They are magicians, they magic desire.

- You weren't buying a Louis Vuitton bag,

you were buying the Louis
Vuitton marketing message.

And it has the logo on it,
it's shouting the brand.

- You'd pull out that
lipstick and put it on,

and there was a logo on the lipstick.

So it looked like you
could afford the dream,

but you just had a little
piece of the dream.

You couldn't afford the couture gown,

that had 100 hours of
embroidery and cost $120,000,

but you could get the lipstick
for $35 in the duty-free.

- It's easy for us to
become consumed, in a sense,

by materialism.

Now, materialism is fine.

We live in a material world.

I'm not saying that beautiful things

don't enhance our lives.

But in our culture, we're never happy.

It's, "When I get here I'm gonna be happy,

"when I have those new shoes,
when I go to that new party,

"when I get that country house,
when I get that new job."

You know, we will never be fulfilled

because this will continue
until the day we die.

- And you are to blame!

- But, no, it's bigger than that.

It is our entire culture.

Of course, I was a part of
it. We're all a part of it.

(delicate upbeat music)
(sewing machine rattles)

- [Jeanne] Hi!

How gorgeous have you become?

Look at you! I can't stop looking at you.
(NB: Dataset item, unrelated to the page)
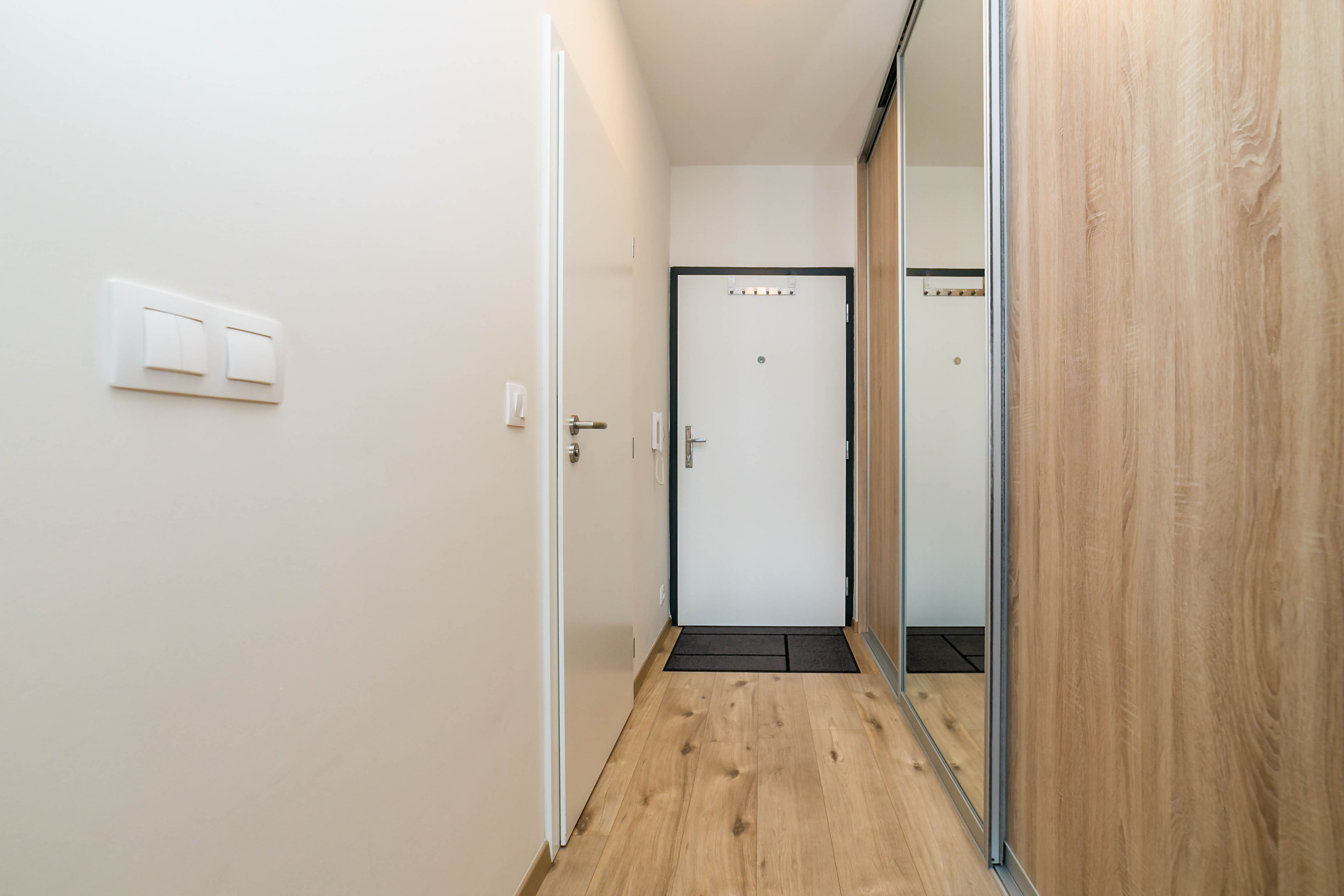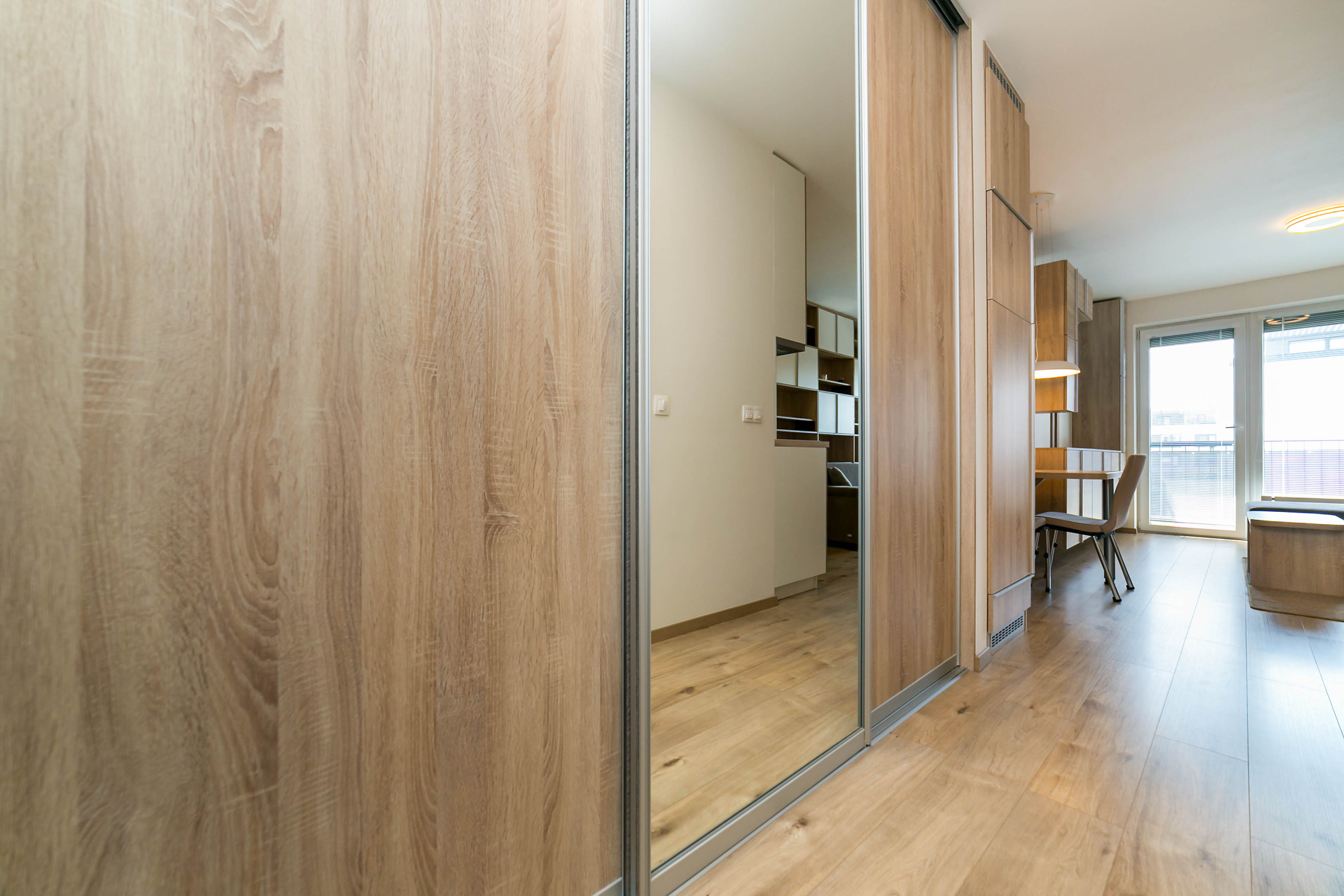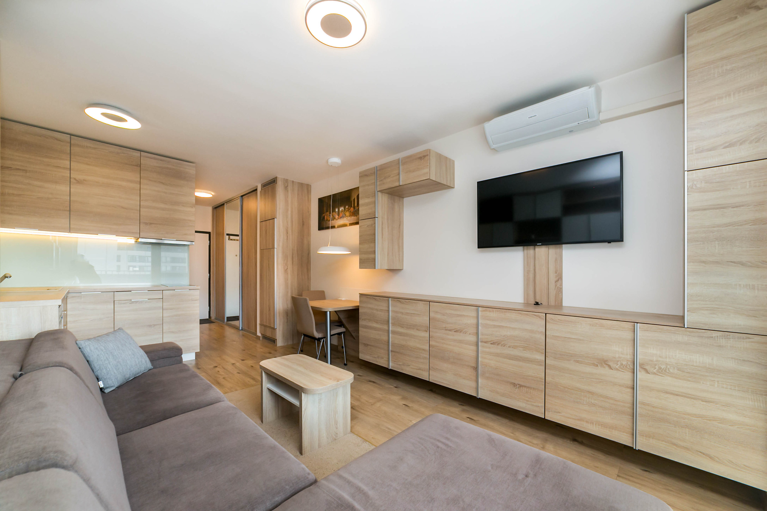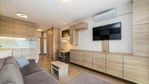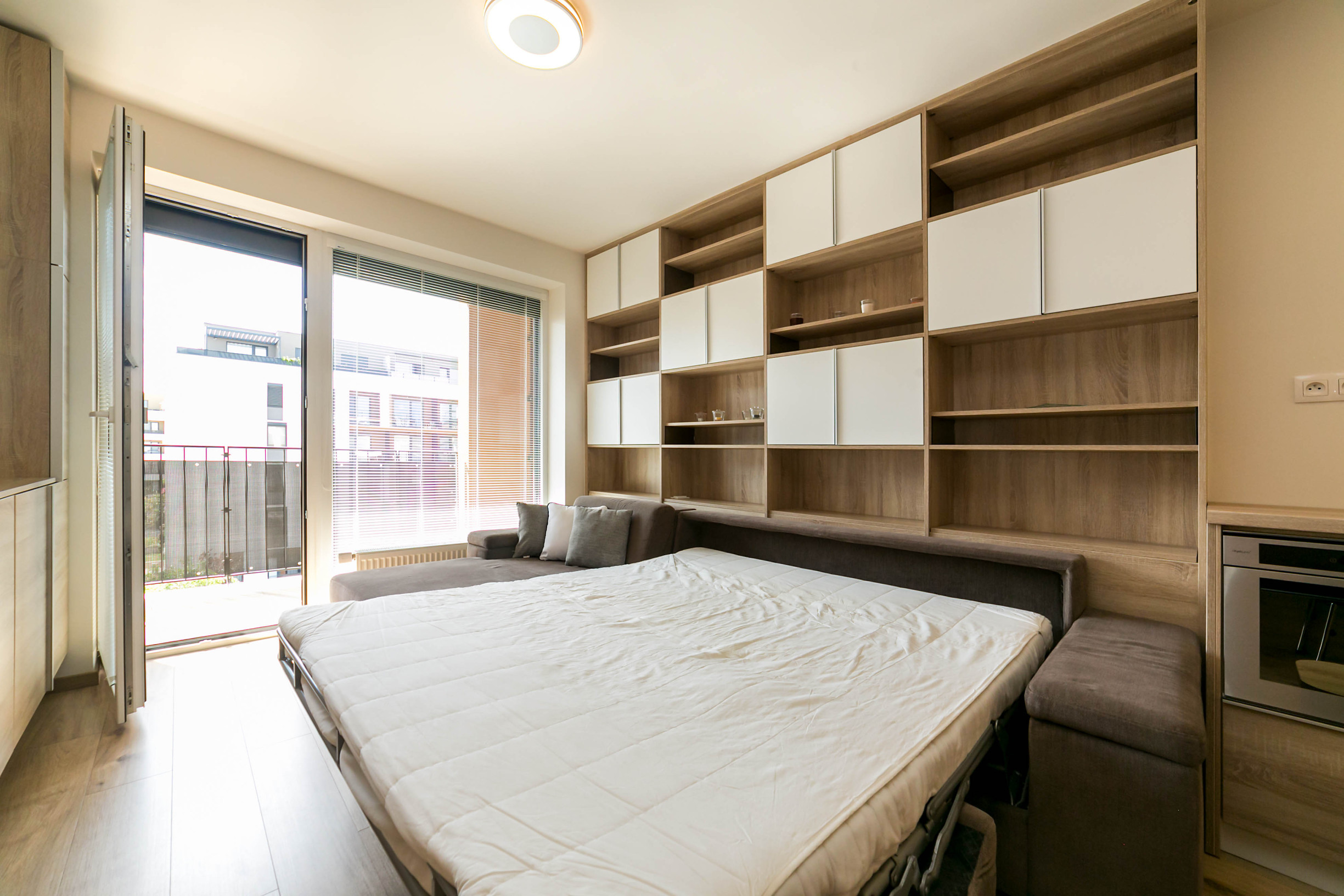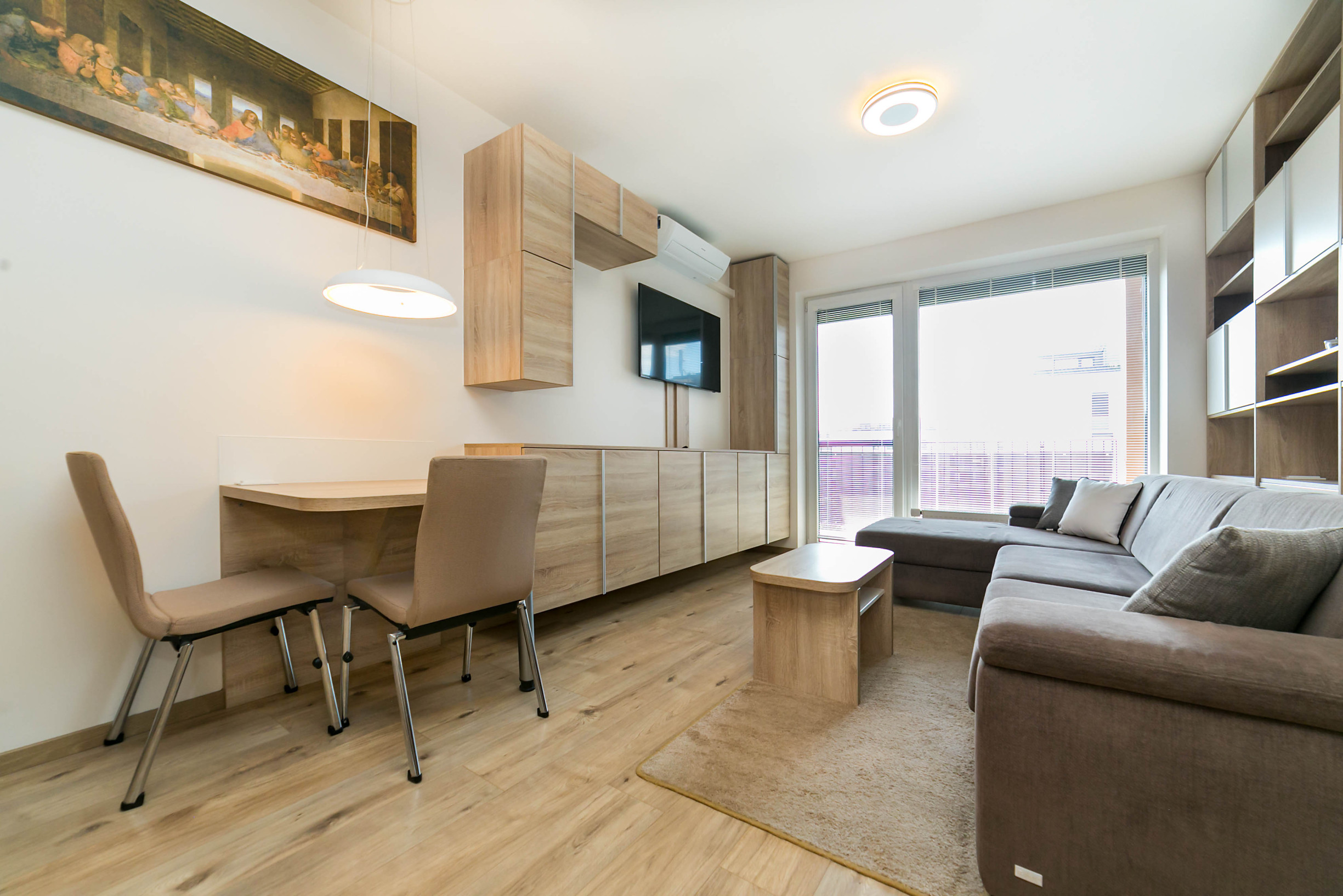 Dominantou bytu je nábytok vyrobený na mieru, ktorý elegantne prepája obývaciu časť s kuchyňou. Každý detail má svoje miesto. Byt pôsobí harmonicky, útulne a zároveň moderne.

Oh, God! That's very fabulous,
to see you like this.

This new incarnation.

Sort of the new and improved McQueen.

- I had to become stronger myself

and strong physically for Paris

because I realised I was
gonna show here for good,

and I was gonna be competing
with the big league.

And mentally and physically,
you have to be strong for this.

(gentle thoughtful music)

- At Gucci I think they gave him

what he wasn't getting at LVMH.

He got healthier and happier

when he could focus back,
entirely, 100% on his own brand.

(audience cheering)
(audience applauding)

- Didn't he look great?

I said, "I am so fed up"

"with seeing these tracksuits and things.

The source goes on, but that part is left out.